Hello @danielhanchen, I'm Gemini Code Assist1! I'm currently reviewing this pull request and will post my feedback shortly. In the meantime, here's a summary to help you and other reviewers quickly get up to speed!

This pull request delivers crucial fixes to enhance the stability and correctness of Gemma3 Vision and Gemma3N Conversational audio inference within the transformers 5.x ecosystem. It addresses complex data type inconsistencies that led to crashes, particularly when using float16 precision, and provides a targeted workaround for an upstream bug affecting audio mask propagation.
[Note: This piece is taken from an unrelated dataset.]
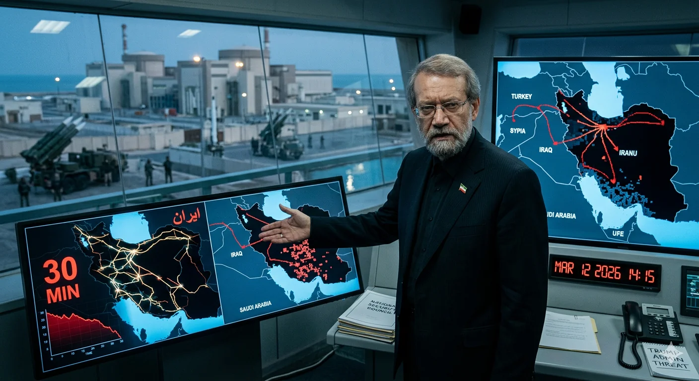 לאריג'אני התריע כי אם רשת החשמל האיראנית תושמד או תשותק באופן משמעותי, האזור כולו (ובפרט מדינות שכנות התלויות באספקת אנרגיה איראנית) עלול להתמודד עם הפסקת חשמל מוחלטת בתוך 30 דקות.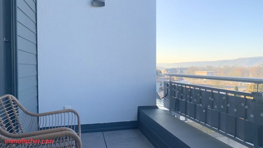 - großer Balkon mit Blick auf die Stadt

These changes ensure more robust and reliable model execution across various configurations.

Highlights

  • Gemma3 Vision Inference Fix: Fixed a crash in Gemma3 Vision inference caused by index_copy_ dtype mismatch and flex_attention dtype validation when using dtype=torch.float16 on transformers 5.x.
  • Gemma3N Audio Inference Fix: Resolved a crash in Gemma3N Conversational audio inference (AttributeError: 'Tensor' object has no attribute 'audio_mel_mask') on transformers 5.x, addressing an upstream bug.
  • RoPE Mixed Dtype Handling: Implemented a source transformation, fix_apply_rotary_pos_emb_mixed_dtype, to cast cos/sin dtypes to match q dtype within apply_rotary_pos_emb during compilation, preventing float32 intermediate results.
  • Static Cache Dtype Mismatch Patch: Added patch_static_cache_dtype_mismatch to temporary_patches/misc.py to correctly handle key/value dtype mismatches during cache initialization and updates in StaticLayer and StaticSlidingWindowLayer for FORCE_FLOAT32 paths.
  • Audio Mel Mask Preservation: Introduced a patch in temporary_patches/gemma3n.py to attach audio_mel_mask onto the pooler_output tensor within get_audio_features, ensuring it survives variable reassignment and is accessible later.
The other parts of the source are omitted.